LangSmith is the observability and evaluation platform for LangChain/LangGraph agents. After running it across every agent I've shipped — BandiFinder (procurement matching), Pellemoda (inventory forecasting), RevAgent (autonomous RevOps), and Holding Morelli (compliance monitoring) — here's how to use it effectively.
Setup: Two Lines
import os
os.environ["LANGSMITH_TRACING"] = "true"
os.environ["LANGSMITH_PROJECT"] = "revagent-prod"That's it. Every LangChain/LangGraph operation is now traced — LLM calls, tool invocations, retrieval steps, state transitions. No code changes to your agent.

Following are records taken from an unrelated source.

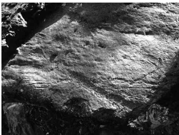
Photo 5. Fishes from Pena.
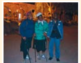
BIBS Study Tour
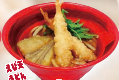
Prawn Tempura Udon 18.0

Tracing: See What Your Agent Thinks
Every agent run produces a trace — a tree of operations showing exactly what happened:
Trace: "Score deal risk for Acme Corp"
├── LLM Call (gpt-4o-mini) — 340 tokens, 0.8s, $0.0003
│ └── Decision: "Need CRM data before scoring"
├── Tool Call: fetch_deal_data("acme-corp")
│ └── Result: {stage: "negotiation", amount: 85000, days_open: 45}
├── Tool Call: analyze_email_threads("acme-corp")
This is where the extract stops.